Unlike arrays (which are covariant in Java), different instantiations of a generic type are not compatible with each other, not even explicitly. For example, the declarations

Generic<Supertype> superGeneric;
Generic<Subtype> subGeneric;

will cause the compiler to report conversion errors for both castings (Generic<Subtype>)superGeneric and (Generic<Supertype>)subGeneric.

This incompatibility can be softened by the wildcard if ? is used as an actual type parameter. Generic<?> is a supertype of all parameterizarions of the generic type Generic. This allows objects of type Generic<Supertype> and Generic<Subtype> to be safely assigned to a variable or method parameter of type Generic<?>. Using Generic<? extends Supertype> allows the same, restricting compatibility to Supertype and its children. Another possibility is Generic<? super Subtype>, which also accepts both objects and restricts compatibility to Subtype and all its parents.

== Wildcard as parameter type ==

In the body of a generic unit, the (formal) type parameter is handled like its upper bound (expressed with extends; java.lang.Object if not constrained). If the return type of a method is the type parameter, the result (e.g. of type ?) can be referenced by a variable of the type of the upper bound (or java.lang.Object). In the other direction, the wildcard fits no other type, not even java.lang.Object: If ? has been applied as the formal type parameter of a method, no actual parameters can be passed to it. However, objects of the unknown type can be read from the generic object and assigned to a variable of a supertype of the upperbound.

Sample code for the Generic<T extends UpperBound> class:

class Generic<T extends UpperBound> {
    private T t;

    public Generic(T t) {
        this.t = t;
    }

    public void set(T t) {
        this.t = t;
    }

    public T get() {
        return t;
    }
}

Sample code that uses the Generic<T extends UpperBound> class:

Generic<UpperBound> concreteTypeReference = new Generic<>();
Generic<?> wildcardReference = concreteTypeReference;
UpperBound ub = wildcardReference.get(); // Object would also be OK

wildcardReference.set(new Object()); // type error
wildcardReference.set(new UpperBound()); // type error
concreteTypeReference.set(new UpperBound()); // OK

== Bounded wildcards ==

A bounded wildcard is one with either an upper or a lower inheritance constraint. The bound of a wildcard can be either a class type, interface type, array type, or type variable. Upper bounds are expressed using the extends keyword and lower bounds using the super keyword. Wildcards can have at most one bound - either an upper bound or a lower bound, but not both.

=== Upper bounds ===
An upper bound on a wildcard must be a subtype of the upper bound of the corresponding type parameter declared in the corresponding generic type. An example of a wildcard that explicitly states an upper bound is Generic<? extends SubtypeOfUpperBound> referenceConstrainedFromAbove;

This reference can hold any parameterization of Generic whose type argument is a subtype of SubtypeOfUpperBound. A wildcard that does not explicitly state an upper bound is effectively the same as one that has the constraint extends Object, since all reference types in Java are subtypes of java.lang.Object.

=== Lower bounds ===
A wildcard with a lower bound, such as Generic<? super SubtypeOfUpperBound> referenceConstrainedFromBelow;

can hold any parameterization of Generic whose any type argument is both a subtype of the corresponding type parameter's upper bound and a supertype of SubtypeOfUpperBound.

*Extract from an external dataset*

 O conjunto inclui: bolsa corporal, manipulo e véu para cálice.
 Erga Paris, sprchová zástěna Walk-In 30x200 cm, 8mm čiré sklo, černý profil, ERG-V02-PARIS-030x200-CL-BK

== Object creation with wildcard ==

No objects may be created with a wildcard type argument: for example, new Generic<?>() is forbidden. In practice, this is unnecessary because if one wanted to create an object that was assignable to a variable of type Generic<?>, one could simply use any arbitrary type (that falls within the constraints of the wildcard, if any) as the type argument.

However, new ArrayList<Generic<?>>() is allowed, because the wildcard is not a parameter to the instantiated type java.lang.ArrayList<E>. The same holds for new ArrayList<List<?>>().

In an array creation expression, the component type of the array must be reifiable as defined by the Java Language Specification, Section 4.7. This entails that, if the component type of the array has any type arguments, they must all be unbounded wildcards (wildcards consisting of only a ?). For example, new Generic<?>[20] is correct, while new Generic<SomeType>[20] is not.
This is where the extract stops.